Activity
Please repeat each line below exactly, with no images in the copy.

Dataset section
::::

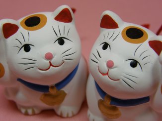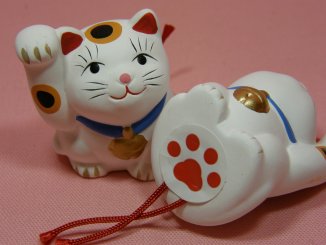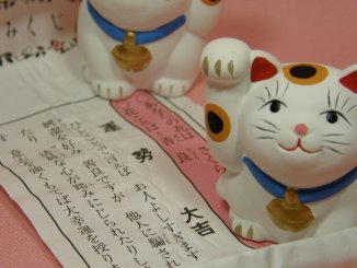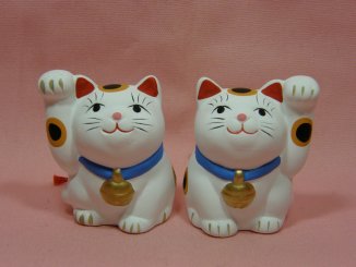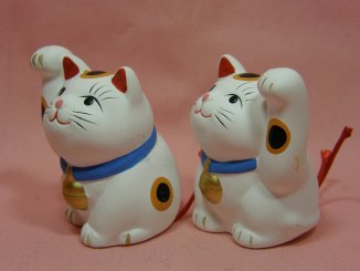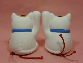 招き猫おみくじ 伊勢の招き猫まつりから連れ帰った招き猫さんです。 ねこ丼家毎年恒例、吉兆招福亭の招き猫おみくじ。 2008年は首輪が青色でした。
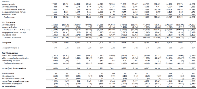 Source: Author, with data from our internal financial forecasts (Tesla_-_Forecasted_Financial_Information.pdf).
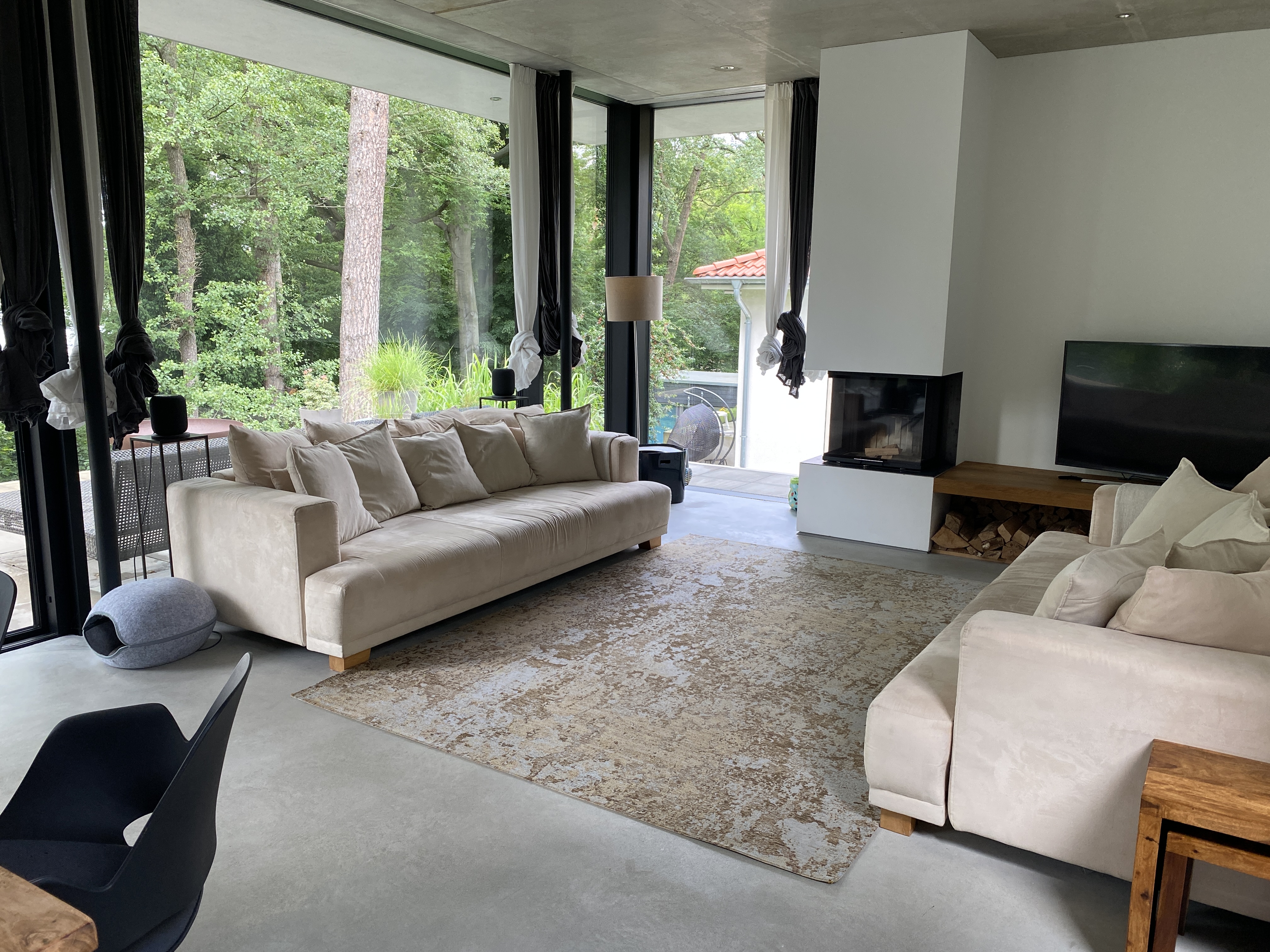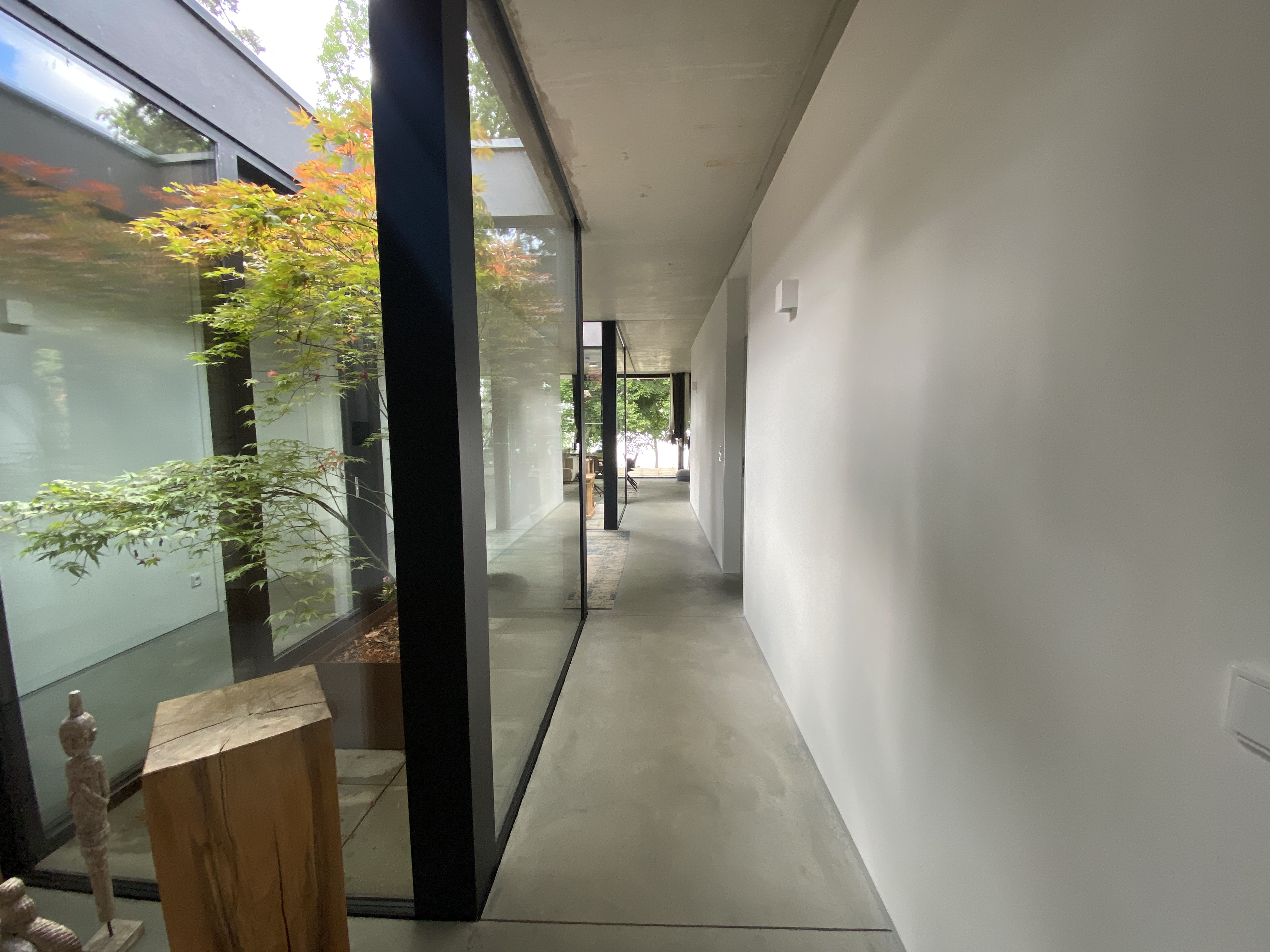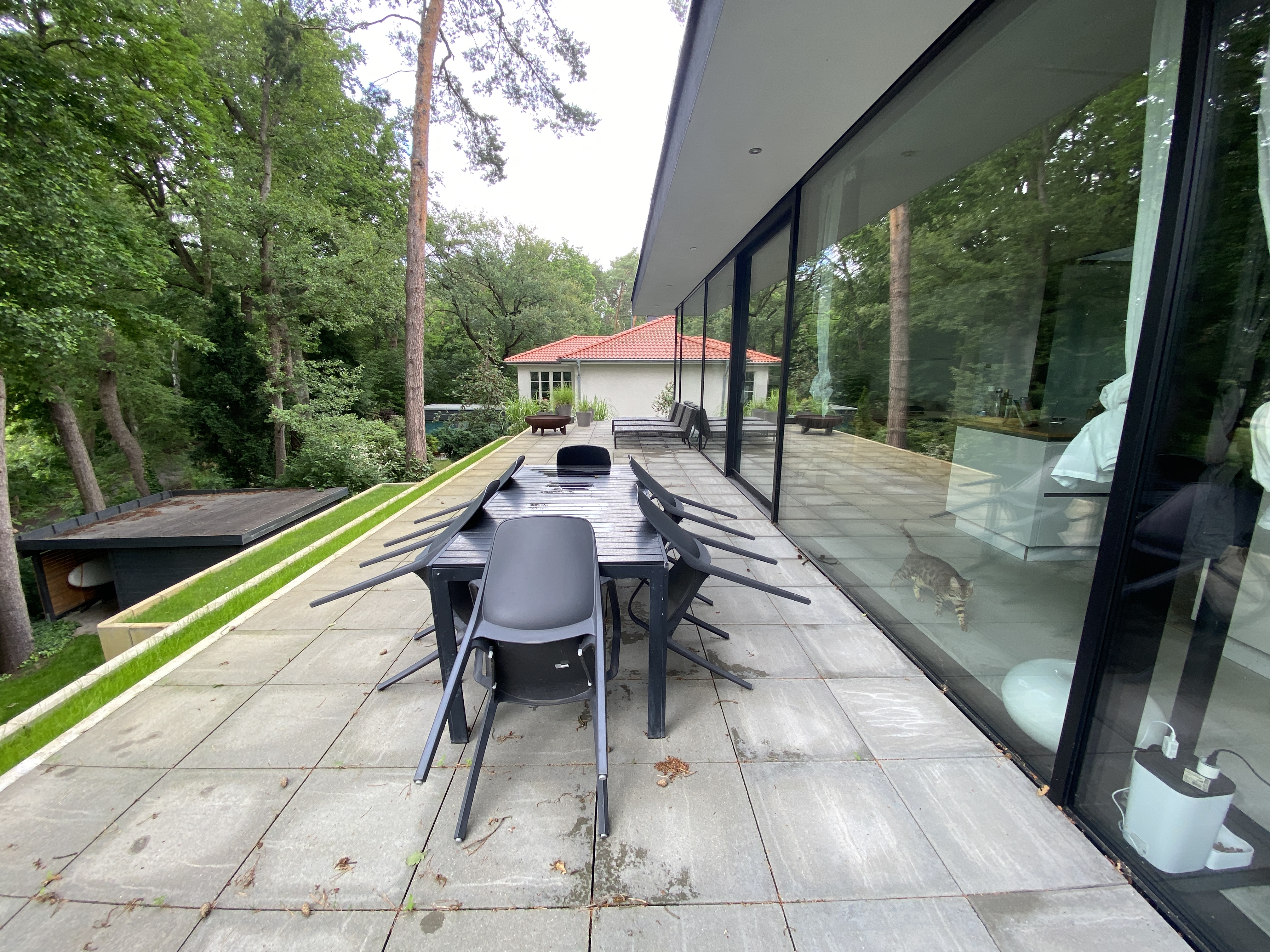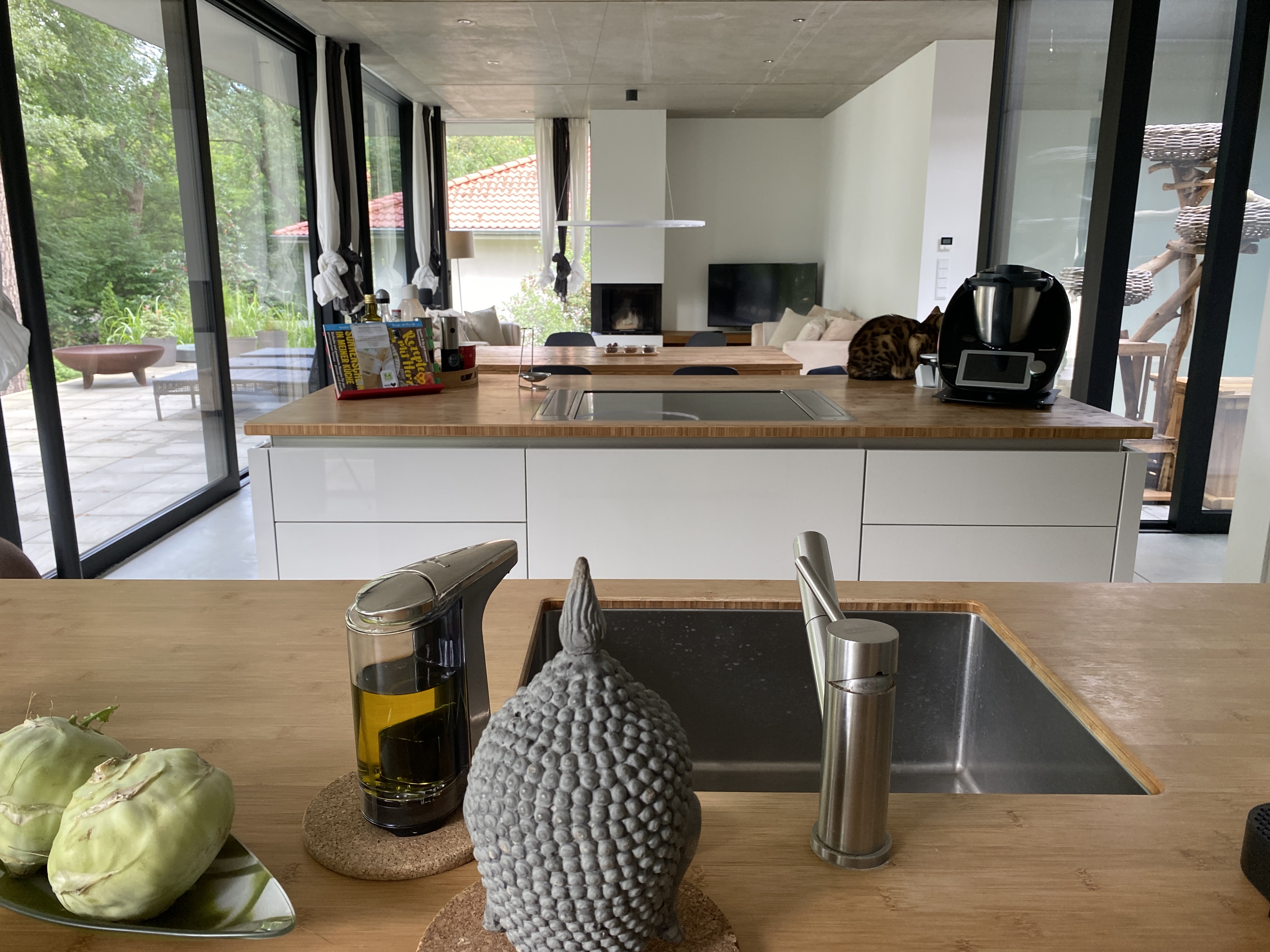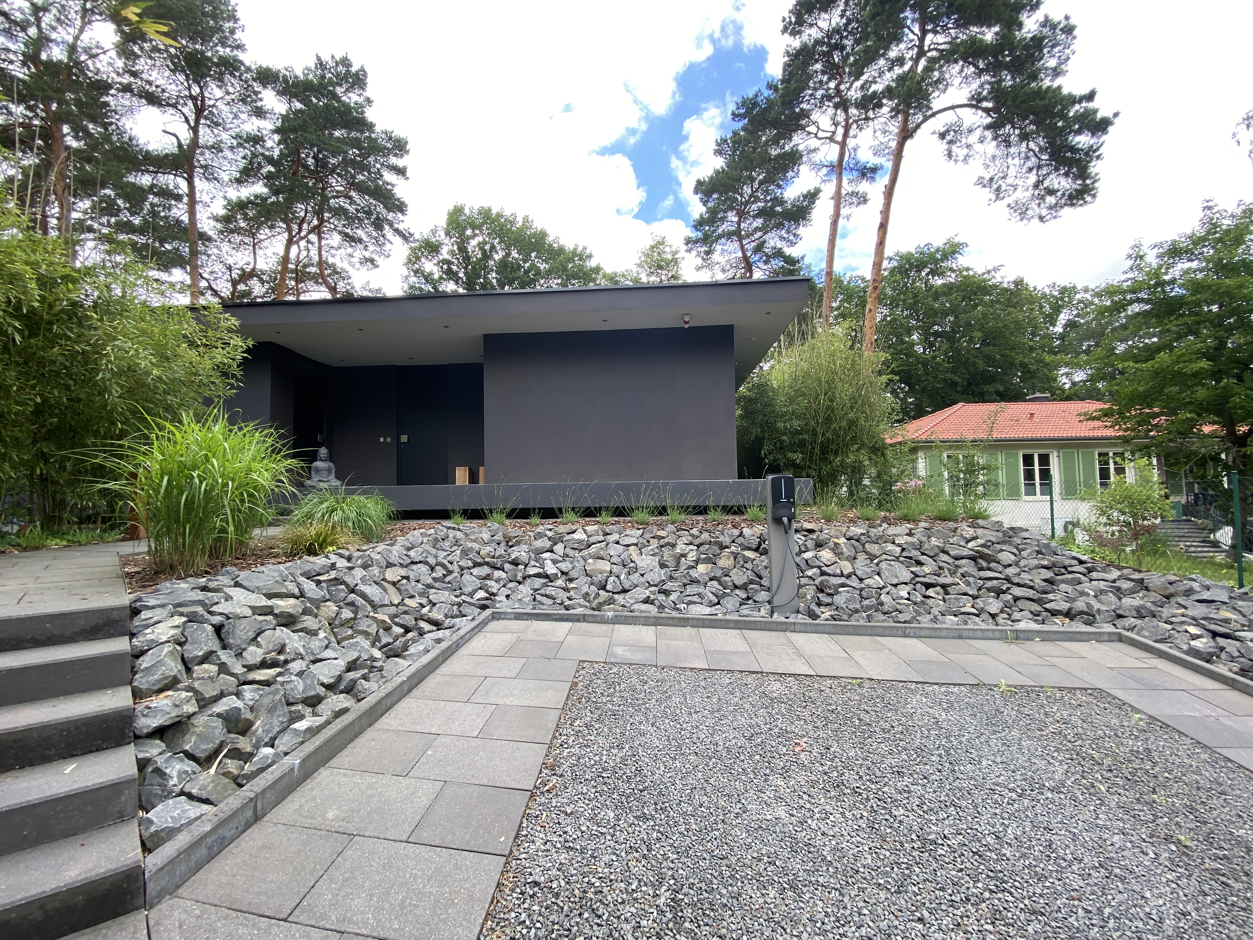 Nestled in a serene forest and bordered by a tranquil lake, this stunning modern home offers a perfect blend of natural beauty and architectural elegance. The house features expansive glass walls that provide unobstructed views of the lush greenery and silhouetted sunset over the lake, creating an environment of peace and calm. This home is designed with a modern minimalistic approach, integrating high-end finishes like polished wood, sleek kitchen appliances, and large, airy spaces that blend seamlessly with the outdoor surroundings.

::::

Exercise output
 招き猫おみくじ 伊勢の招き猫まつりから連れ帰った招き猫さんです。 ねこ丼家毎年恒例、吉兆招福亭の招き猫おみくじ。 2008年は首輪が青色でした。
 Source: Author, with data from our internal financial forecasts (Tesla_-_Forecasted_Financial_Information.pdf).
 Nestled in a serene forest and bordered by a tranquil lake, this stunning modern home offers a perfect blend of natural beauty and architectural elegance. The house features expansive glass walls that provide unobstructed views of the lush greenery and silhouetted sunset over the lake, creating an environment of peace and calm. This home is designed with a modern minimalistic approach, integrating high-end finishes like polished wood, sleek kitchen appliances, and large, airy spaces that blend seamlessly with the outdoor surroundings.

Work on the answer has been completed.